ENTRIES PROVIDED.
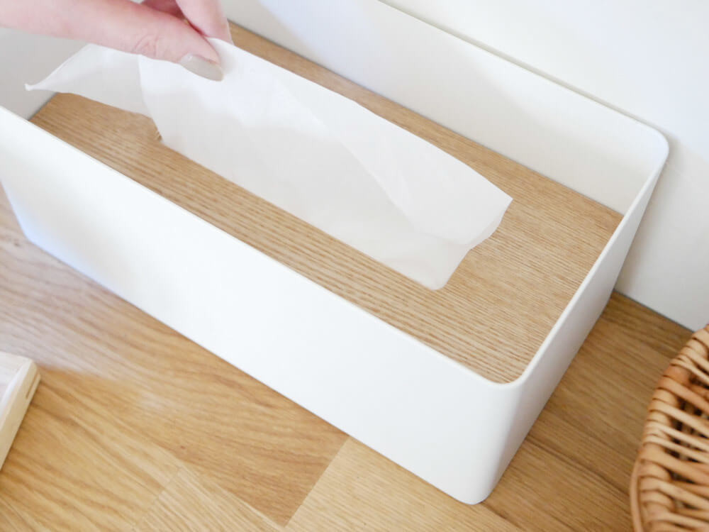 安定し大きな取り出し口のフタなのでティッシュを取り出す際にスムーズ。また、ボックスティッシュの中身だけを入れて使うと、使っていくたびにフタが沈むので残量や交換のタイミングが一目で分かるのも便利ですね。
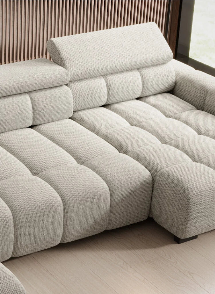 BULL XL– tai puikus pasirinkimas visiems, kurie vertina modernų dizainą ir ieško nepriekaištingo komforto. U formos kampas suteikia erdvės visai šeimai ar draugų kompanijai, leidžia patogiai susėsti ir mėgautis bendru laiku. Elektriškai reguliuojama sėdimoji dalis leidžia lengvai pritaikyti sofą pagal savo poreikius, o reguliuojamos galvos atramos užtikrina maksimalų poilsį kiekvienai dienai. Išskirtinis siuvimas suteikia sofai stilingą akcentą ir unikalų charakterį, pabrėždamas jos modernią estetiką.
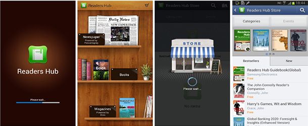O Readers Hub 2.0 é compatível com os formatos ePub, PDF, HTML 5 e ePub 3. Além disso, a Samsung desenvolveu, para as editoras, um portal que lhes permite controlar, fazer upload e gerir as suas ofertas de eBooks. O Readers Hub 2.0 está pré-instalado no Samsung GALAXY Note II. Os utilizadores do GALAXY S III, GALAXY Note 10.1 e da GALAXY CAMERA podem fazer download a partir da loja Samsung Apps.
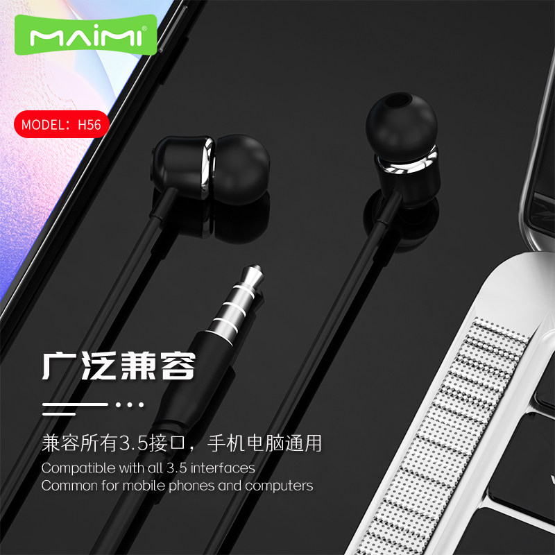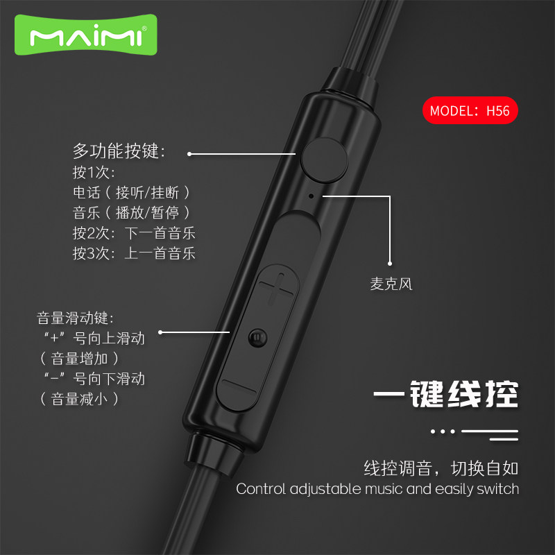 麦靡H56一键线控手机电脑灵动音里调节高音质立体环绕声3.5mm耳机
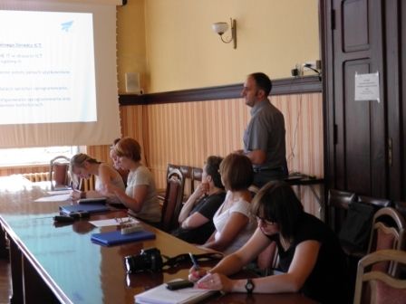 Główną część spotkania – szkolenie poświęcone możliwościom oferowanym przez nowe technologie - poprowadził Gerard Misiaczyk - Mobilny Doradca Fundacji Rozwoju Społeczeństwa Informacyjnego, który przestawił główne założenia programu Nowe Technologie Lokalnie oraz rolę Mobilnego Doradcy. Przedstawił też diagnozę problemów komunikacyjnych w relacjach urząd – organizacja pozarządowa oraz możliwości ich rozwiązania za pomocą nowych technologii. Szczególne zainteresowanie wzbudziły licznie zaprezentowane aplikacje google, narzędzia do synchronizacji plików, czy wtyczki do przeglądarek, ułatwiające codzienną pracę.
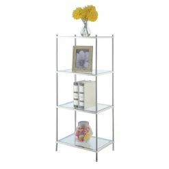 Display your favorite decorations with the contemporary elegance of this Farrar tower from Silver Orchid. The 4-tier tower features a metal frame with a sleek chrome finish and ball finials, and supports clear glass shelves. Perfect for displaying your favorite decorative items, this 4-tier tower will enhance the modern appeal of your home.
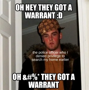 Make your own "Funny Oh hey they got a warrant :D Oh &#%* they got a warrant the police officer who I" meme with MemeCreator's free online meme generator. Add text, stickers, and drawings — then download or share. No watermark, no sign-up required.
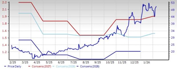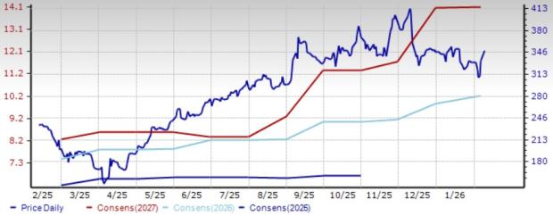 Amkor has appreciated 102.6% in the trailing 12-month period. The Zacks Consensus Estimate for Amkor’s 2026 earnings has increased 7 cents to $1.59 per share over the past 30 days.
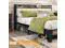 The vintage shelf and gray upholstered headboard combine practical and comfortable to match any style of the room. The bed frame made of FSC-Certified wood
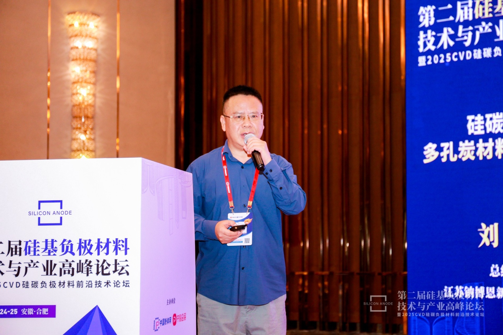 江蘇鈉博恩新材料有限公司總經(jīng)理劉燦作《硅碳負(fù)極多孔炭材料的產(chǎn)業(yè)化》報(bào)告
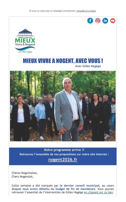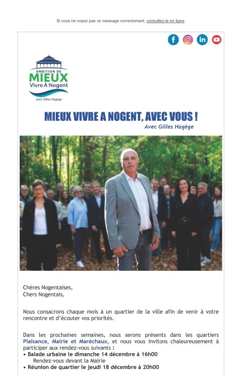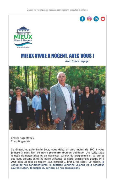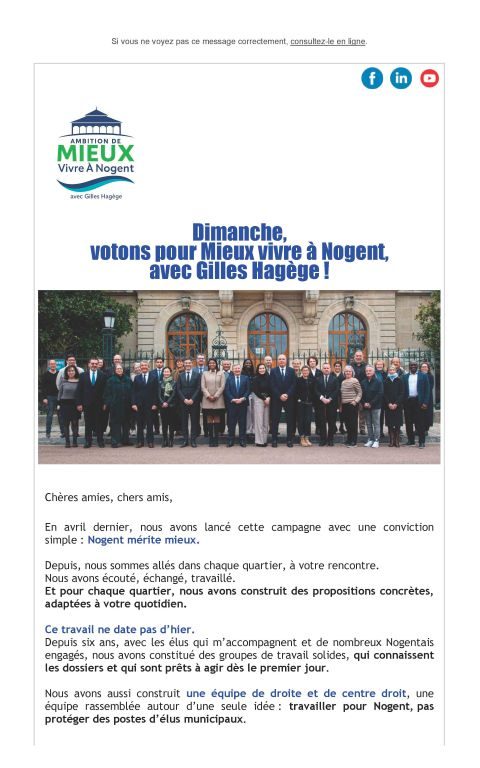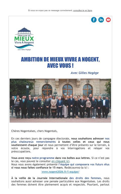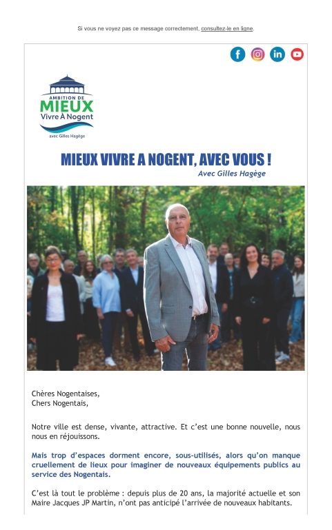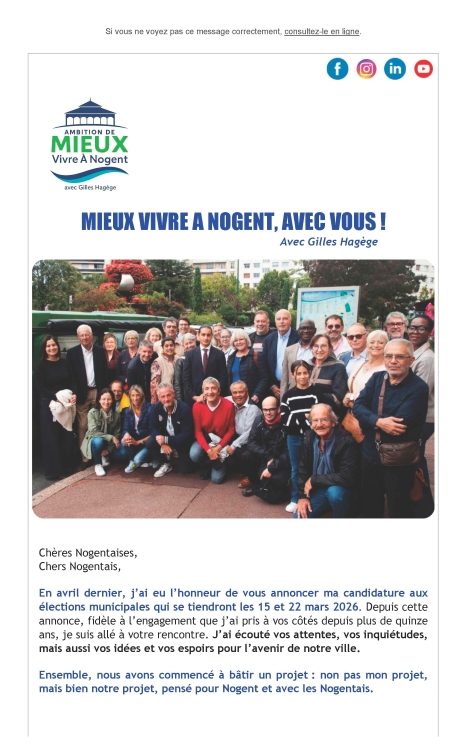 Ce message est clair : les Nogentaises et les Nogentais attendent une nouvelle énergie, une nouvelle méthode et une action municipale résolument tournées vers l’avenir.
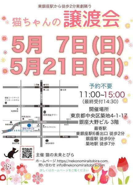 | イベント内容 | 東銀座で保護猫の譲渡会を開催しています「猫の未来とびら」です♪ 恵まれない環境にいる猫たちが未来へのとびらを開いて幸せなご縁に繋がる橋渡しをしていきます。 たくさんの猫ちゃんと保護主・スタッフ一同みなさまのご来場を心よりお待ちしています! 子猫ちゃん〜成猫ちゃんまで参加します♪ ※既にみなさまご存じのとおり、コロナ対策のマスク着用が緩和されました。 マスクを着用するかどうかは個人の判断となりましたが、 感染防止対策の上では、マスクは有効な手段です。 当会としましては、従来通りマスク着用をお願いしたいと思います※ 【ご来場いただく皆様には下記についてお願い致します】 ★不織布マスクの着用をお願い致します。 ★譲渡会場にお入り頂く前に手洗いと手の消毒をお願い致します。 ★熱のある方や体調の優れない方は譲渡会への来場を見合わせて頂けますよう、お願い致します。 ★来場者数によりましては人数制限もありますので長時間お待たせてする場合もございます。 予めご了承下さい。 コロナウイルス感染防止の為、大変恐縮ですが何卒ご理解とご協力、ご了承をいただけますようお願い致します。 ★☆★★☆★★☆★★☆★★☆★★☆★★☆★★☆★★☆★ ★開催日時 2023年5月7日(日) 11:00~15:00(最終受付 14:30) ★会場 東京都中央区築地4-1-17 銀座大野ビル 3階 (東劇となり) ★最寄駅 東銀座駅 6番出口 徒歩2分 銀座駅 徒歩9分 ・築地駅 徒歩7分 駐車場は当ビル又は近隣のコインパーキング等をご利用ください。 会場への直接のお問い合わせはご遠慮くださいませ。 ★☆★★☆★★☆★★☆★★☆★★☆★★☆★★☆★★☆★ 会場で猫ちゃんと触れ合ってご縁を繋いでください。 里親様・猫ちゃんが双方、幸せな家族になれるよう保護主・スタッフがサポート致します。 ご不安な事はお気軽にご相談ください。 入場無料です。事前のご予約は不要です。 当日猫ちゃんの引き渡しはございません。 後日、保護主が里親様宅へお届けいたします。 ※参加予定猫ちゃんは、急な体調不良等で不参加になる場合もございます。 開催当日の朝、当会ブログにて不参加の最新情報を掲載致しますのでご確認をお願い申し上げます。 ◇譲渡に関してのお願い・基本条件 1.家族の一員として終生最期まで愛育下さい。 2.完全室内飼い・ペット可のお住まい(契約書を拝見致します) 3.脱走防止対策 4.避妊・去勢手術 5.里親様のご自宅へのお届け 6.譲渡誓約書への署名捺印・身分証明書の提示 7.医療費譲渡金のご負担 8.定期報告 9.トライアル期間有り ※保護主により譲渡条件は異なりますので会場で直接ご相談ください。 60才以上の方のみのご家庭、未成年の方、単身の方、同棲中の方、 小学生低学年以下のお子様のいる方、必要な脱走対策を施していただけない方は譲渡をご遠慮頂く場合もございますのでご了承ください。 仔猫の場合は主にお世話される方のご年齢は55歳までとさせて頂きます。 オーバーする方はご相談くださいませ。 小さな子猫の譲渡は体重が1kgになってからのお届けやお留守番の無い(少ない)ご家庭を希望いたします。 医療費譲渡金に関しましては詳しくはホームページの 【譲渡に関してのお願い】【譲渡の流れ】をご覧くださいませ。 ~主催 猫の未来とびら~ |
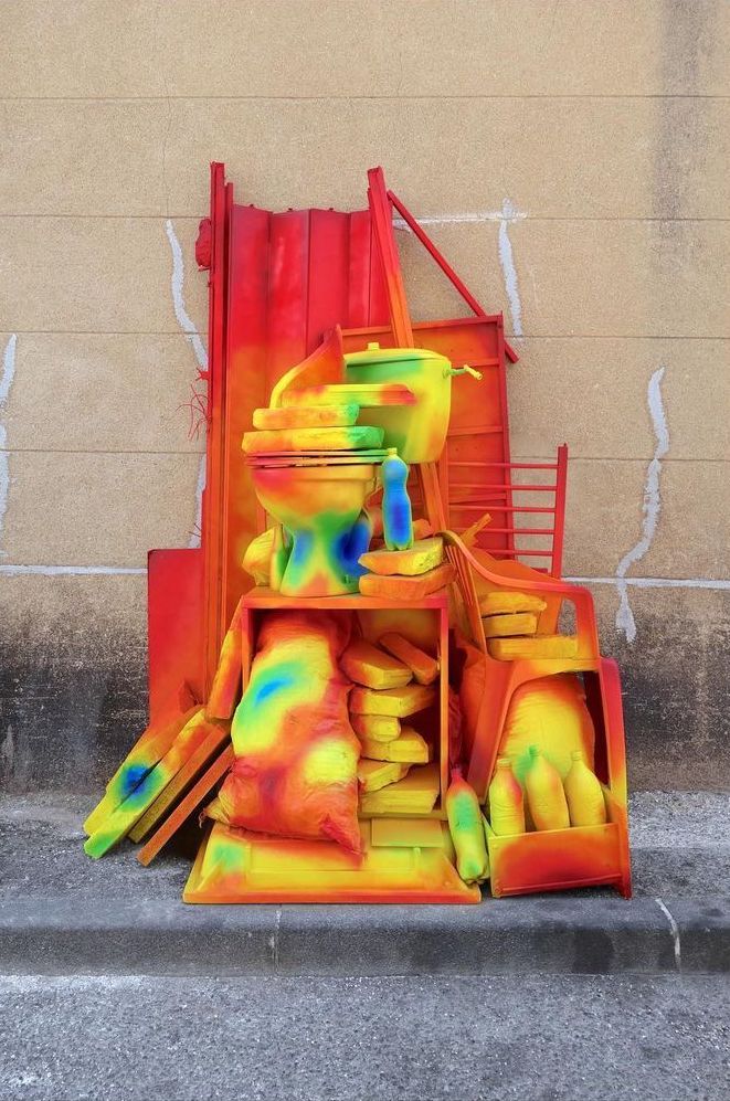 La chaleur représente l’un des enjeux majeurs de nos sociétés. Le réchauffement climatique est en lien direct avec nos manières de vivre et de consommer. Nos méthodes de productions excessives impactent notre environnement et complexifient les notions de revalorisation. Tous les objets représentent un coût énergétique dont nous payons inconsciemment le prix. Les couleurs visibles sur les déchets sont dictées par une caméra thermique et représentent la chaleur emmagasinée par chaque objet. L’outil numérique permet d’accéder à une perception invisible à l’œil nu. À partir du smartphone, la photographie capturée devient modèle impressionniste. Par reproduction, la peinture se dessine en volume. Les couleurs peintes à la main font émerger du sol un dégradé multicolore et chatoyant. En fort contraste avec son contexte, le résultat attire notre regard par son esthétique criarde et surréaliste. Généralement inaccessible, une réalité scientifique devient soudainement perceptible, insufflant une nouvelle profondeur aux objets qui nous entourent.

WHAT THE TASK ASKS.
Everything in the entries above should be printed again exactly, apart from the pictures.

EXERCISE RESULT.
 安定し大きな取り出し口のフタなのでティッシュを取り出す際にスムーズ。また、ボックスティッシュの中身だけを入れて使うと、使っていくたびにフタが沈むので残量や交換のタイミングが一目で分かるのも便利ですね。
 BULL XL– tai puikus pasirinkimas visiems, kurie vertina modernų dizainą ir ieško nepriekaištingo komforto. U formos kampas suteikia erdvės visai šeimai ar draugų kompanijai, leidžia patogiai susėsti ir mėgautis bendru laiku. Elektriškai reguliuojama sėdimoji dalis leidžia lengvai pritaikyti sofą pagal savo poreikius, o reguliuojamos galvos atramos užtikrina maksimalų poilsį kiekvienai dienai. Išskirtinis siuvimas suteikia sofai stilingą akcentą ir unikalų charakterį, pabrėždamas jos modernią estetiką.
O Readers Hub 2.0 é compatível com os formatos ePub, PDF, HTML 5 e ePub 3. Além disso, a Samsung desenvolveu, para as editoras, um portal que lhes permite controlar, fazer upload e gerir as suas ofertas de eBooks. O Readers Hub 2.0 está pré-instalado no Samsung GALAXY Note II. Os utilizadores do GALAXY S III, GALAXY Note 10.1 e da GALAXY CAMERA podem fazer download a partir da loja Samsung Apps.
 麦靡H56一键线控手机电脑灵动音里调节高音质立体环绕声3.5mm耳机
 Główną część spotkania – szkolenie poświęcone możliwościom oferowanym przez nowe technologie - poprowadził Gerard Misiaczyk - Mobilny Doradca Fundacji Rozwoju Społeczeństwa Informacyjnego, który przestawił główne założenia programu Nowe Technologie Lokalnie oraz rolę Mobilnego Doradcy. Przedstawił też diagnozę problemów komunikacyjnych w relacjach urząd – organizacja pozarządowa oraz możliwości ich rozwiązania za pomocą nowych technologii. Szczególne zainteresowanie wzbudziły licznie zaprezentowane aplikacje google, narzędzia do synchronizacji plików, czy wtyczki do przeglądarek, ułatwiające codzienną pracę.
 Display your favorite decorations with the contemporary elegance of this Farrar tower from Silver Orchid. The 4-tier tower features a metal frame with a sleek chrome finish and ball finials, and supports clear glass shelves. Perfect for displaying your favorite decorative items, this 4-tier tower will enhance the modern appeal of your home.
 Make your own "Funny Oh hey they got a warrant :D Oh &#%* they got a warrant the police officer who I" meme with MemeCreator's free online meme generator. Add text, stickers, and drawings — then download or share. No watermark, no sign-up required.
 Amkor has appreciated 102.6% in the trailing 12-month period. The Zacks Consensus Estimate for Amkor’s 2026 earnings has increased 7 cents to $1.59 per share over the past 30 days.
 The vintage shelf and gray upholstered headboard combine practical and comfortable to match any style of the room. The bed frame made of FSC-Certified wood
 江蘇鈉博恩新材料有限公司總經(jīng)理劉燦作《硅碳負(fù)極多孔炭材料的產(chǎn)業(yè)化》報(bào)告
 Ce message est clair : les Nogentaises et les Nogentais attendent une nouvelle énergie, une nouvelle méthode et une action municipale résolument tournées vers l’avenir.
 | イベント内容 | 東銀座で保護猫の譲渡会を開催しています「猫の未来とびら」です♪ 恵まれない環境にいる猫たちが未来へのとびらを開いて幸せなご縁に繋がる橋渡しをしていきます。 たくさんの猫ちゃんと保護主・スタッフ一同みなさまのご来場を心よりお待ちしています! 子猫ちゃん〜成猫ちゃんまで参加します♪ ※既にみなさまご存じのとおり、コロナ対策のマスク着用が緩和されました。 マスクを着用するかどうかは個人の判断となりましたが、 感染防止対策の上では、マスクは有効な手段です。 当会としましては、従来通りマスク着用をお願いしたいと思います※ 【ご来場いただく皆様には下記についてお願い致します】 ★不織布マスクの着用をお願い致します。 ★譲渡会場にお入り頂く前に手洗いと手の消毒をお願い致します。 ★熱のある方や体調の優れない方は譲渡会への来場を見合わせて頂けますよう、お願い致します。 ★来場者数によりましては人数制限もありますので長時間お待たせてする場合もございます。 予めご了承下さい。 コロナウイルス感染防止の為、大変恐縮ですが何卒ご理解とご協力、ご了承をいただけますようお願い致します。 ★☆★★☆★★☆★★☆★★☆★★☆★★☆★★☆★★☆★ ★開催日時 2023年5月7日(日) 11:00~15:00(最終受付 14:30) ★会場 東京都中央区築地4-1-17 銀座大野ビル 3階 (東劇となり) ★最寄駅 東銀座駅 6番出口 徒歩2分 銀座駅 徒歩9分 ・築地駅 徒歩7分 駐車場は当ビル又は近隣のコインパーキング等をご利用ください。 会場への直接のお問い合わせはご遠慮くださいませ。 ★☆★★☆★★☆★★☆★★☆★★☆★★☆★★☆★★☆★ 会場で猫ちゃんと触れ合ってご縁を繋いでください。 里親様・猫ちゃんが双方、幸せな家族になれるよう保護主・スタッフがサポート致します。 ご不安な事はお気軽にご相談ください。 入場無料です。事前のご予約は不要です。 当日猫ちゃんの引き渡しはございません。 後日、保護主が里親様宅へお届けいたします。 ※参加予定猫ちゃんは、急な体調不良等で不参加になる場合もございます。 開催当日の朝、当会ブログにて不参加の最新情報を掲載致しますのでご確認をお願い申し上げます。 ◇譲渡に関してのお願い・基本条件 1.家族の一員として終生最期まで愛育下さい。 2.完全室内飼い・ペット可のお住まい(契約書を拝見致します) 3.脱走防止対策 4.避妊・去勢手術 5.里親様のご自宅へのお届け 6.譲渡誓約書への署名捺印・身分証明書の提示 7.医療費譲渡金のご負担 8.定期報告 9.トライアル期間有り ※保護主により譲渡条件は異なりますので会場で直接ご相談ください。 60才以上の方のみのご家庭、未成年の方、単身の方、同棲中の方、 小学生低学年以下のお子様のいる方、必要な脱走対策を施していただけない方は譲渡をご遠慮頂く場合もございますのでご了承ください。 仔猫の場合は主にお世話される方のご年齢は55歳までとさせて頂きます。 オーバーする方はご相談くださいませ。 小さな子猫の譲渡は体重が1kgになってからのお届けやお留守番の無い(少ない)ご家庭を希望いたします。 医療費譲渡金に関しましては詳しくはホームページの 【譲渡に関してのお願い】【譲渡の流れ】をご覧くださいませ。 ~主催 猫の未来とびら~ |
 La chaleur représente l’un des enjeux majeurs de nos sociétés. Le réchauffement climatique est en lien direct avec nos manières de vivre et de consommer. Nos méthodes de productions excessives impactent notre environnement et complexifient les notions de revalorisation. Tous les objets représentent un coût énergétique dont nous payons inconsciemment le prix. Les couleurs visibles sur les déchets sont dictées par une caméra thermique et représentent la chaleur emmagasinée par chaque objet. L’outil numérique permet d’accéder à une perception invisible à l’œil nu. À partir du smartphone, la photographie capturée devient modèle impressionniste. Par reproduction, la peinture se dessine en volume. Les couleurs peintes à la main font émerger du sol un dégradé multicolore et chatoyant. En fort contraste avec son contexte, le résultat attire notre regard par son esthétique criarde et surréaliste. Généralement inaccessible, une réalité scientifique devient soudainement perceptible, insufflant une nouvelle profondeur aux objets qui nous entourent.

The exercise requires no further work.